If your relationship breaks down, you must continue to observe the trust deed of your SMSF.

So if you and your partner are both members of the same SMSF, neither party is allowed to use the fund to inflict ‘punishment’ – such as by excluding the other party from the decision-making process or refusing their request to roll their money into another superannuation fund.

This no-punishment rule applies even if the two parties are involved in legal proceedings.

Click here for more information.

Financial consequences

Superannuation funds often charge a fee for splitting accounts after a relationship breakdown.

Splitting superannuation can also impact the size of your total super balance and how your super is taxed.

Click here for more information.

What fees do superannuation funds charge?

Superannuation funds can charge a range of fees, including:

  • Activity-based fees – for specific, irregular services, such as splitting an account after a divorce
  • Administration fees – to cover the cost of managing your account
  • Advice fees – for personal investment advice
  • Buy/sell spread fees – when you make contributions, switches and withdrawals
  • Exit fees – when you close your account
  • Investment fees – to cover the cost of managing your investments
  • Switching fees – when you choose a new investment option within the same fund

How do you find superannuation?

Lost superannuation refers to savings in an account that you’ve forgotten about. This can happen if you’ve opened several different accounts over the years while moving from job to job.

You can use your MyGov account to see details of all your superannuation accounts, including any you might have forgotten. Alternatively, you can fill in a ‘Searching for lost super’ form and send it to the Australian Taxation Office, which will then search on your behalf.

What happens to my insurance cover if I change superannuation funds?

Some superannuation funds will allow you to transfer your insurance cover, without interruption, if you switch. However, others won’t. So it’s important you check before changing funds.

How can I increase my superannuation?

You can increase your superannuation through a ‘salary sacrifice’. This is where your employer takes part of your pre-tax salary and pays it directly into your superannuation account. Like regular superannuation contributions, salary sacrifices are taxed at 15 per cent when they are paid into the fund.

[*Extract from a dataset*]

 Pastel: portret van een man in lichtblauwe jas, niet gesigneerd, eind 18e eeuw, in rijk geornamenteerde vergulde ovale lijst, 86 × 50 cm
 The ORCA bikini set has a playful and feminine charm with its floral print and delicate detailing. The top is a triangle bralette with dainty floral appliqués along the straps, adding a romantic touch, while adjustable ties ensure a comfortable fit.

What is the superannuation rate?

The superannuation rate, or guarantee rate, is the percentage of your salary that your employer must pay into your superannuation fund. The superannuation guarantee has been set at 9.5 per cent since the 2014-15 financial year. It is scheduled to rise to 10.0 per cent in 2021-22, 10.5 per cent in 2022-23, 11.0 per cent in 2023-24, 11.5 per cent in 2024-25 and 12.0 per cent in 2025-26.

Is superannuation compulsory?

Superannuation is compulsory. Generally speaking, it can’t be touched until you’re at least 55 years old.

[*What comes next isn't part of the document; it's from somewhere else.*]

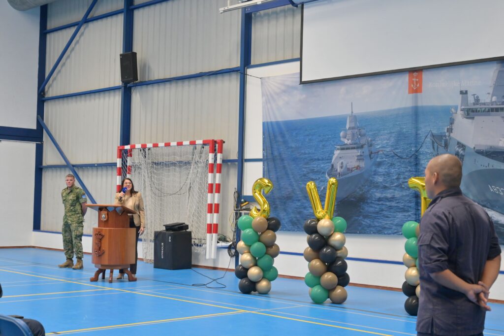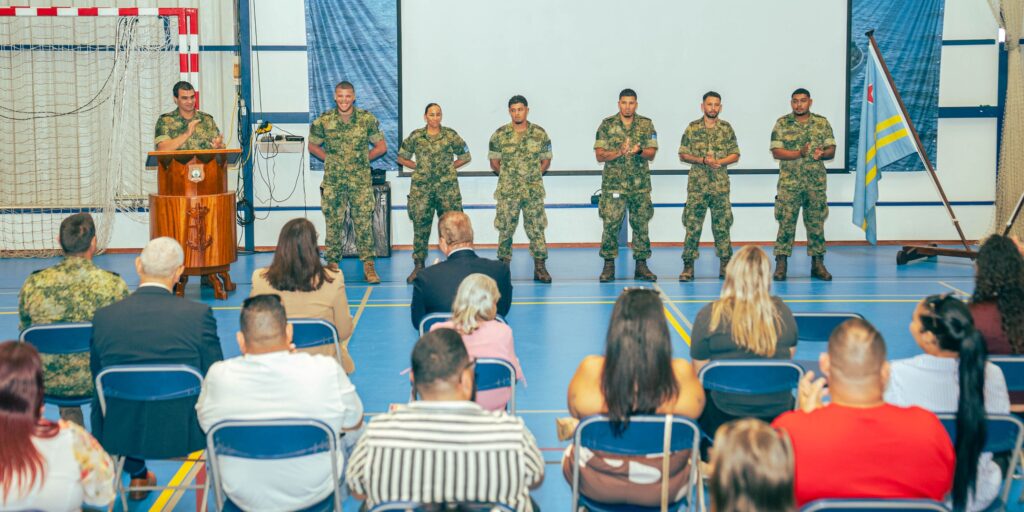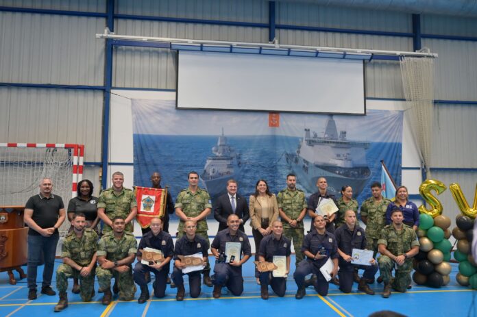 Kapitein Ligtvoet, Sergeant Croes, Sergeant Leito, Sergeant Corvacho, Korporaal Thijsen, Korporaal Arendsz, Marinier Koolman, tambe Coordinadora Jessica Ras y Trahado Social Nicole Godett di Formacion Social.

How do I choose the right superannuation fund?

Different superannuation funds charge different fees, offer different insurances, offer different investment options and have different performance histories.

So you need to ask yourself these four questions when comparing superannuation funds:

  • How many fees would I have to pay and what would they cost?
  • What insurances are available and how much would they cost?
  • What investment options does it offer? How would they match my risk profile and financial needs?
  • How have these investment options performed historically?

Can my employer use money from my superannuation account?

No, your employer can’t touch the money that is paid into your superannuation account.

Can I choose a superannuation fund or does my employer choose one for me?

Most people can choose their own superannuation fund. However, you might not have this option if you are a member of certain defined benefit funds or covered by certain industrial agreements. If you don’t choose a superannuation fund, your employer will choose one for you.

How does superannuation affect the age pension?

Most Australians who are of retirement age can qualify for the age pension. However, depending on the size of your assets and post-retirement income, you might be entitled to only a reduced pension. In some instances, you might not be entitled to any pension payments.